Pathological and Molecular Characterization of a Duck Plague Outbreak in Southern China in 2021

Abstract

Duck plague (DP) is a highly contagious viral disease in ducks caused by the duck plague virus (DPV). The DPV, a member of Herpesviridae, poses a severe threat to the waterfowl farming industry worldwide. In this study, we reported a recent outbreak of DPV in domestic laying ducks at 310 days of age from southern China in December 2021. The gross lesion, histopathologic examination, molecular detection, and genetic characterization studies of DPV are described here. As a result, gross lesions such as an enlarged congestive spleen and liver were observed. Liver with vacuolar degeneration and small vacuoles and spleen with hemosiderosis were remarkable microscopic findings. Our results suggested that the liver had the highest viral load, followed by the trachea, pancreas, kidney, brain, spleen, and heart. In addition, DPV was successfully isolated in chicken embryo fibroblast cell culture and designated as DP-GD-305-21. The UL2, UL12, UL41, UL47, and LORF11 genes of DP-GD-305-21 shared a high nucleotide homology with the Chinese virulent (CHv) strain and the Chinese variant (CV) strain. In conclusion, this study reports the isolation and molecular characterization of DPV from a recent outbreak in southern China. Our results contributed to the understanding of the pathological and molecular characterization of currently circulating DPV in China.

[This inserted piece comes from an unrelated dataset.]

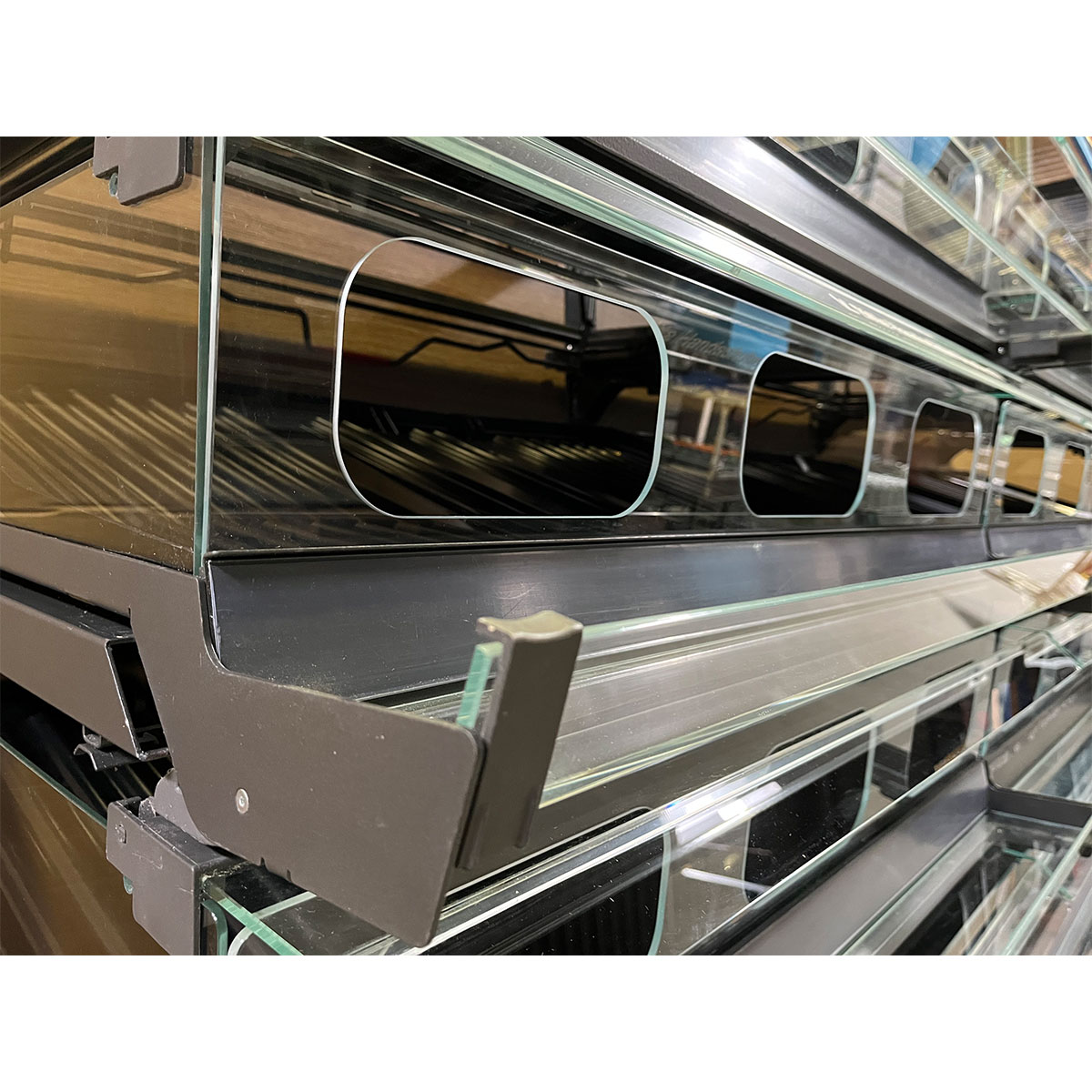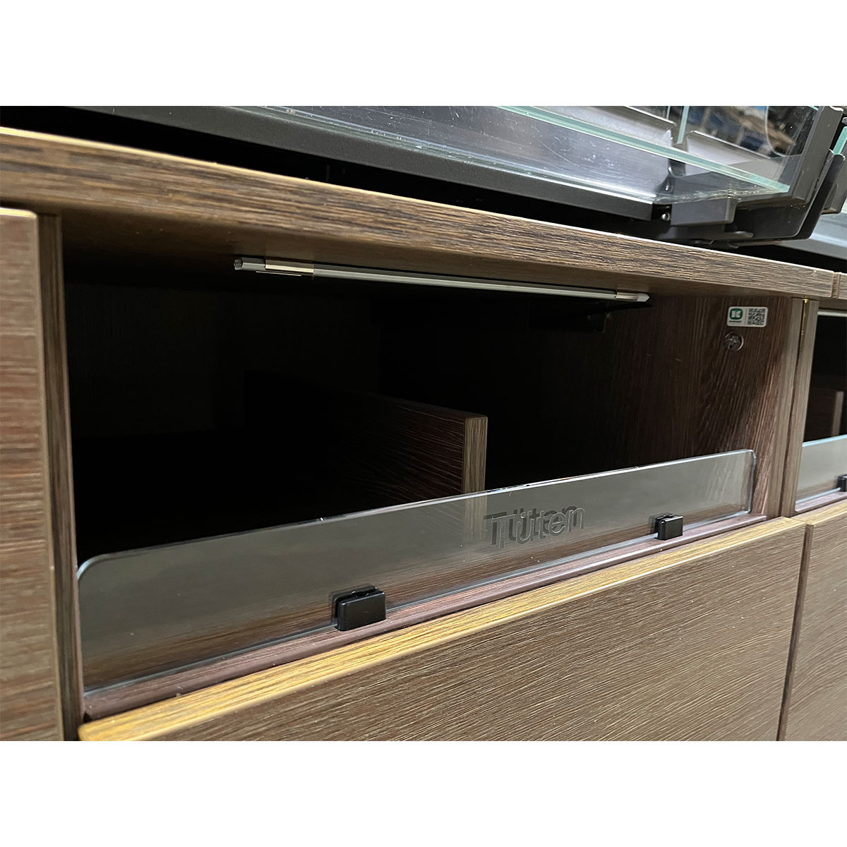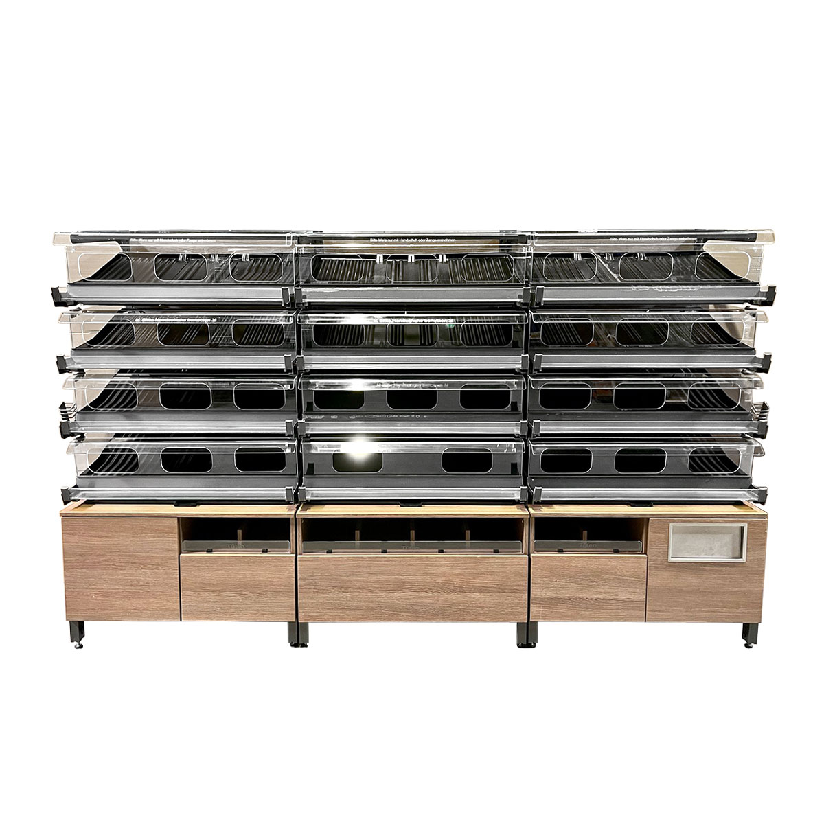 The shelving consists of three modular units, each 1 meter wide. Each unit has four spacious compartments, which can be pulled out from the front for easy refilling. The compartments are equipped with transparent Plexiglas panels that hygienically protect the products while allowing for an attractive presentation. Thanks to well-designed openings in the Plexiglas panels, customers can easily access the baked goods with tongs without directly touching the product.

Keywords: Herpesviridae; LORF11; UL2; duck plague; duck plague virus.

Figure 1

Gross lesions of ducks infected with DPV at autopsy. (A): Presence of bold clots related to the pericardial sac and hepatic capsule; (B): Enlarged and congested liver; (C): Spotted hemorrhage in the heart; (D): Enlarged and congested brain; (E): Spotted hyperemia of the trachea; (F): Enlarged and severely congested spleen.

Figure 2

Histopathological images of duck tissue sections stained with hematoxylin and eosin (H&E) (magnification, ×200). The scale bar included in each image presents a length of 100 μm. (A): Extensive vacuolar degeneration and small vacuoles were detected in hepatocytes; (B): Lymphoid depletion, focal necrosis, and multifocal fibrinoid necrotic foci were observed in spleen; (C): Detached epithelial cells and damaged bronchial wall were observed in the tracheal mucosa; (D): Generalized tubular atrophy and inflammatory cell infiltration in the interstitium were observed in kidney; (E): Cardiomyocytes were tightly packed and surrounded by inflammatory cell infiltration in heart; (F): Necrosis of acinar and islet structures were detected in pancreatic tissue.

Figure 3

Cytopathic effects on chicken embryo fibroblasts from homogenate duck-infected DPV tissue samples. (A): Negative control (100×); (B): Infected CEF cells showing vacuolation and syncytia (400×).

Figure 4

Levels of DPV viral load at the time of initial sampling. The collected tissues are shown at the bottom. Viral loads were determined by quantitative Real-time PCR. Viral loads are expressed as mean ± SD. Differences between groups were determined using two-way ANOVA. ****, p < 0.0001; ns, p > 0.05.

Figure 5

Gene structure types of UL2. (A): Strains with a 1002 bp coding region, such as the DP-GD-305-21 and CHv strain; (B): Attenuated strain with 528 bp deletion 2; (C): Strains with a 528 bp deletion and three 1 bp insertions, including VAC and IVRI-2016.

Figure 6

Gene structure types of LOFT11. (A): A coding region of 4341 bp for the LOFT11 gene was observed in strains such as DP-GD-305-21; (B): Strains such as the 21 have a 1170 bp deletion in the coding region of LORF11; (C): A 1929 bp deletion was found in the LOFT11 gene of strains such as the ‘Clone-03’; (D): A 3513 bp deletion was found in the LOFT11 gene of strains such as the VAC strain.

Figure 7

The secondary structure, hydrophilicity, flexible regions, antigenic index, and surface probability of the DP-GD-305-21 proteins. (A): UL2 protein; (B): UL12 protein; (C): UL47 protein; (D): UL41 protein; (E): LORF11 protein.